Amiodarone and the Development of ARDS After Lung Surgery: Discussion

The incidence of ARDS after the right pneumonectomy was 7.4 percent in all patients compared with 1.6 percent in the other types of lung surgery (x2 11.2; p<0.001), and in our retrospective study, ARDS was almost exclusively seen after the administration of amiodarone except after right-sided pneumonectomy. The evaluation of prophylactic antiarrhythmic treatment with amiodarone was stopped because the development of ARDS seemed related to amiodarone administration other buy birth control pills online.

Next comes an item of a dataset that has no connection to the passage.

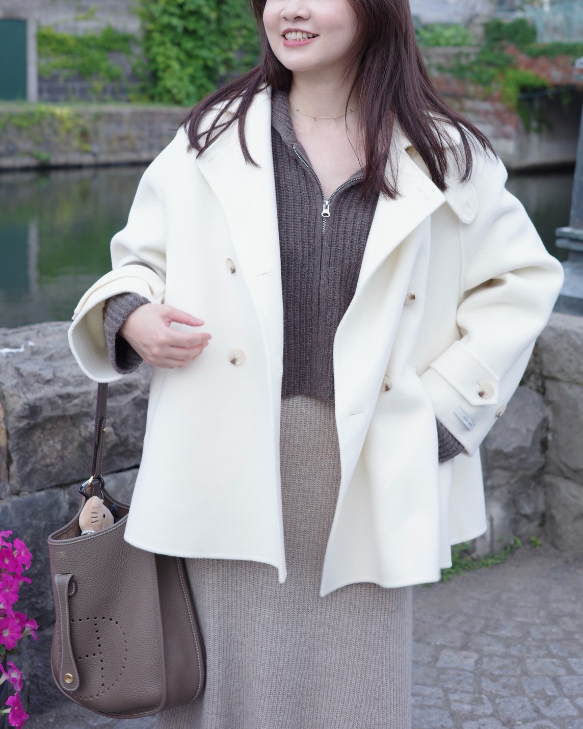 微傘襬斗篷式大衣 完全是炸私訊等級! 穿起來有點小千金氣場感✨ 領片可以拉起來立領 擋風+顯臉小 下身如果搭配短褲短裙 再配長靴自帶氣場真的正到不行耶(好直男的形容哈哈😎!! 排釦我們沒有制式的從領口設計到底 中間第二顆刻意不縫製 有種不會太正式的休閒簡約感 🤍白色是氣質名媛色 🖤黑色是高雅時尚小千金 ✦材質成份:白:80%羊毛+20%聚酯纖維 黑:100%羊毛

Pulmonary toxicity is the most serious noncardiac side effect attributed to amiodarone therapy. The overall incidence of amiodarone pulmonary toxicity has been estimated at 5 to 10 percent of treated patients.
Amiodarone-induced pulmonary disease usually appears as a subacute or chronic disease, although in some cases there may be rapid progression toward respiratory failure.

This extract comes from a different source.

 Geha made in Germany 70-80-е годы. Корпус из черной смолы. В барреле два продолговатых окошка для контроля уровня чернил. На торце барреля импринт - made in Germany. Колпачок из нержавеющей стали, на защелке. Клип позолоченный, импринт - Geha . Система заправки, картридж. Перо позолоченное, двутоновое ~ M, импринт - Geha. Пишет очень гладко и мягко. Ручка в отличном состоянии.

The most common presentation is that of a relatively benign subacute illness, characterized by cough, dyspnea, and sometimes weight loss. The chest roentgenogram of these patients most often shows diffuse parenchymal infiltrates, typically in an interstitial pattern.
Other patients may have a more abrupt onsej of an acute illness. These patients characteristically have significant fever, and the chest roentgenogram often shows localized opaque areas in an acinar pattern. The clinical presentation may strongly mimic an infectious pneumonia or in extreme cases, ARDS.
The mechanisms of amiodarone pulmonary toxicity are not completely understood. Currently, at least two different pathways of toxicity may exist: (1) an indirect mechanism characterized by influx of inflammatory or immune effector cells to the lung, similar to the findings described with other “hypersensitivity” reactions associated with inhalation of organic antigen that are seen in farmer’s lung or pigeon breeder’s disease; and (2) a direct toxic mechanism that results in lung parenchymal cell injury and a subsequent fibrotic response. Several mechanisms of direct toxicity have been proposed. Regardless of the mechanism of initial toxicity to the cell, Martin et al suggest an amiodarone-mediated increase in cytosolic-free calcium may be the ultimate intercellular mediator of cell injury.

This entry was posted in ARDS and tagged amiodarone therapy, arrhythmia, lung surgery, pneumonectomy, pulmonary toxicity.